*Collected data entries:*
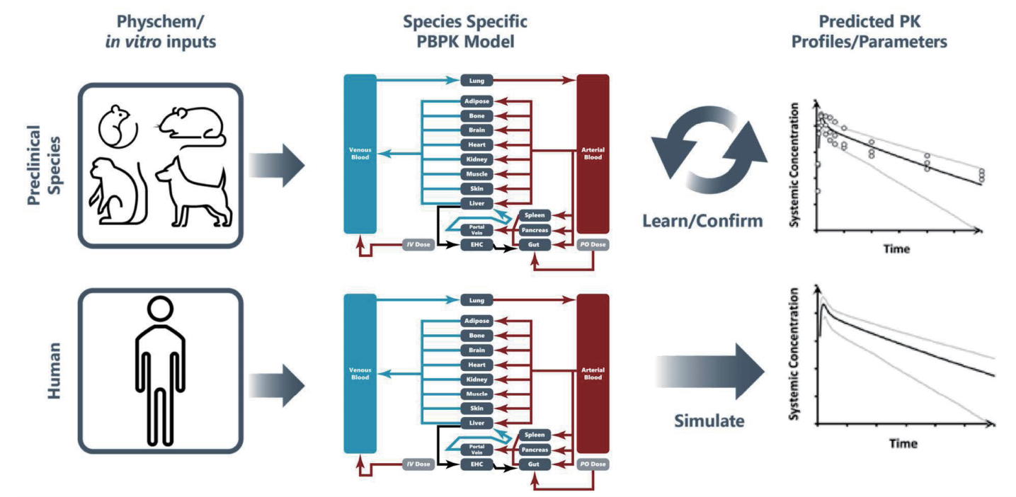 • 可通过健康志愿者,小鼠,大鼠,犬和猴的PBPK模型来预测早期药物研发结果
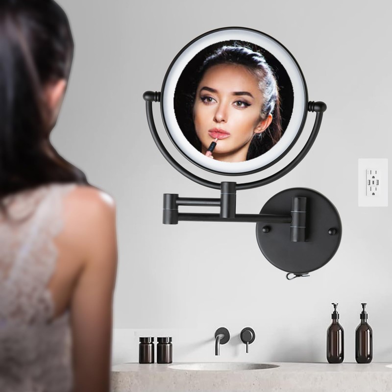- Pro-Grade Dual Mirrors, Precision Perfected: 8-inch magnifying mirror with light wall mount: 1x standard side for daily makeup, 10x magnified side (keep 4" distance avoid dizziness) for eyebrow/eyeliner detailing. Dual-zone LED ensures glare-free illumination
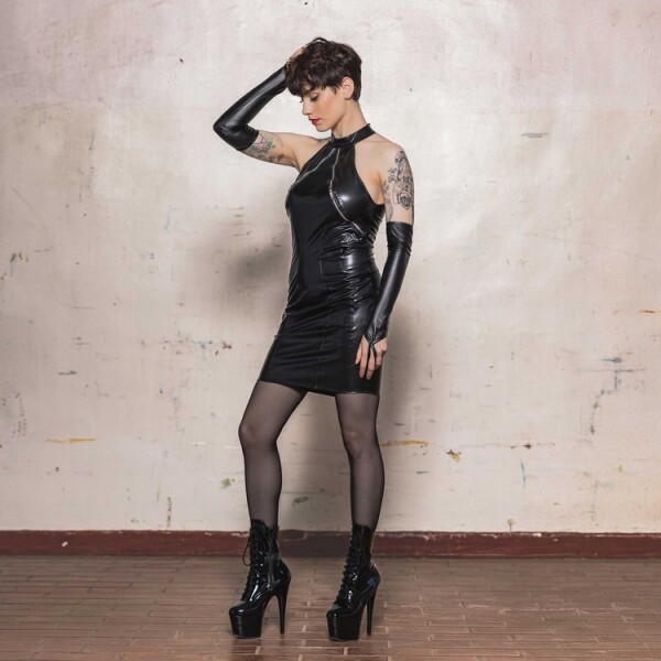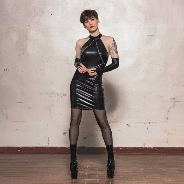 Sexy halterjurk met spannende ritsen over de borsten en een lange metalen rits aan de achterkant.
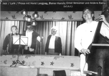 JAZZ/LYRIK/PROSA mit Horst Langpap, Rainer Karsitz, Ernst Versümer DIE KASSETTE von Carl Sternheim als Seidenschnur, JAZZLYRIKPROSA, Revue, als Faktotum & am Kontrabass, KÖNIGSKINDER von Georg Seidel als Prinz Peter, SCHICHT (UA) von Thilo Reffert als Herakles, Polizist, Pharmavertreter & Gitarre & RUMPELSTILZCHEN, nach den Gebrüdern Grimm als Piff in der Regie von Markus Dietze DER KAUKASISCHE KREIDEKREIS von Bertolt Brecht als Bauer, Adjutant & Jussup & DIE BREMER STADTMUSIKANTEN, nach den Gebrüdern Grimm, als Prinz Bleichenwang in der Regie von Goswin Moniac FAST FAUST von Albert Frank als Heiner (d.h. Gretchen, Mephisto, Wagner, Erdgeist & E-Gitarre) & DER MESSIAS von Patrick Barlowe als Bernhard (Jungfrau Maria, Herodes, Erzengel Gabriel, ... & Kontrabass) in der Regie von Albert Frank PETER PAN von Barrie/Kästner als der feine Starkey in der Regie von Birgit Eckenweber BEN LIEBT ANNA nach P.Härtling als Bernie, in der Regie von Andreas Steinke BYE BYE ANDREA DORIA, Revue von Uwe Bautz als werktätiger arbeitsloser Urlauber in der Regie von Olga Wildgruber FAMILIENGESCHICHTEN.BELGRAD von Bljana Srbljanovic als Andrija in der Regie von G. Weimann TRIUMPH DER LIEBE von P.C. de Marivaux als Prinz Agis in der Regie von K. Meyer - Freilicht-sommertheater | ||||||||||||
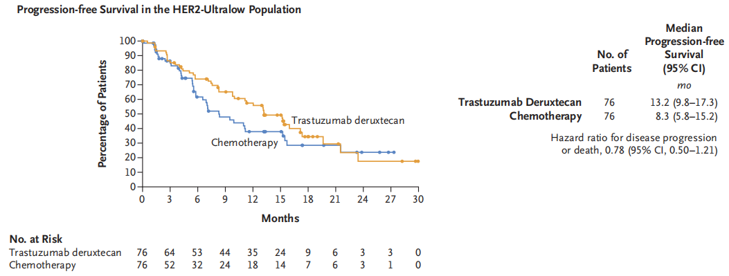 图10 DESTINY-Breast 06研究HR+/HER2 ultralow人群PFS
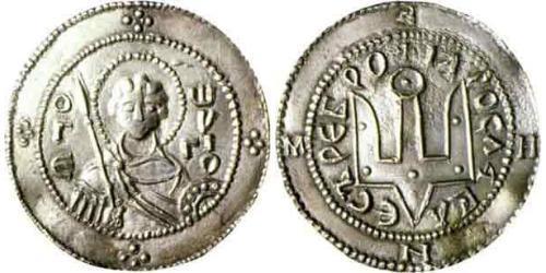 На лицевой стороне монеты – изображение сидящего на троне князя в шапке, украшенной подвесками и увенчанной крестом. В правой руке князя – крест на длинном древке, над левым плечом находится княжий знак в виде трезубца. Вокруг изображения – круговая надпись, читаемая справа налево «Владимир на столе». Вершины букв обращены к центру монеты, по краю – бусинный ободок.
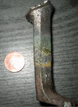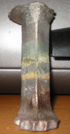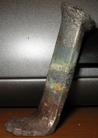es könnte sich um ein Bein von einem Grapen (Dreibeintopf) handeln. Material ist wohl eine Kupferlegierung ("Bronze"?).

--

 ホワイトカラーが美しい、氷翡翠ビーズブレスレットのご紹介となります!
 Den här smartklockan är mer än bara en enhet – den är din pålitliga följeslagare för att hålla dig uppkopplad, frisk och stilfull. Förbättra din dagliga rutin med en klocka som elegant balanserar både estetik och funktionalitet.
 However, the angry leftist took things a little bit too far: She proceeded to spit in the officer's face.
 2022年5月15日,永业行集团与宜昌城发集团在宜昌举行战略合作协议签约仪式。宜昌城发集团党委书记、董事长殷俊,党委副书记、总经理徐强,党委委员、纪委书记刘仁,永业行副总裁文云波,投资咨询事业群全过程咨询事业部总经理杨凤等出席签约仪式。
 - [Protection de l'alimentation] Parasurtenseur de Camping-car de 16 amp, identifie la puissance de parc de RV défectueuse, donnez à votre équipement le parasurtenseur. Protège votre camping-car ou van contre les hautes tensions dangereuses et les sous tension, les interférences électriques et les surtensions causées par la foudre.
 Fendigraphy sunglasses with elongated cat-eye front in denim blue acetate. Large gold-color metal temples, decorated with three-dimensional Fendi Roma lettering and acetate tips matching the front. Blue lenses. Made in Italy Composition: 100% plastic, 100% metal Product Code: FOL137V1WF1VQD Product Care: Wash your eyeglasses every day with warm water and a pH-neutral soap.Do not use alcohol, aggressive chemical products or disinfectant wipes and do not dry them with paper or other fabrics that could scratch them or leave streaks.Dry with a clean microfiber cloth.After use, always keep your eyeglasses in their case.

*Assigned task:* Copy the lines of the data above exactly as written, beginning with the line containing "ホワイトカラーが美しい、氷翡翠ビーズブレスレットのご紹介となります!" and ending with the line containing "2022年5月15日,永业行", and leave out all other lines.

*Your response:*
 ホワイトカラーが美しい、氷翡翠ビーズブレスレットのご紹介となります!
 Den här smartklockan är mer än bara en enhet – den är din pålitliga följeslagare för att hålla dig uppkopplad, frisk och stilfull. Förbättra din dagliga rutin med en klocka som elegant balanserar både estetik och funktionalitet.
 However, the angry leftist took things a little bit too far: She proceeded to spit in the officer's face.
 2022年5月15日,永业行集团与宜昌城发集团在宜昌举行战略合作协议签约仪式。宜昌城发集团党委书记、董事长殷俊,党委副书记、总经理徐强,党委委员、纪委书记刘仁,永业行副总裁文云波,投资咨询事业群全过程咨询事业部总经理杨凤等出席签约仪式。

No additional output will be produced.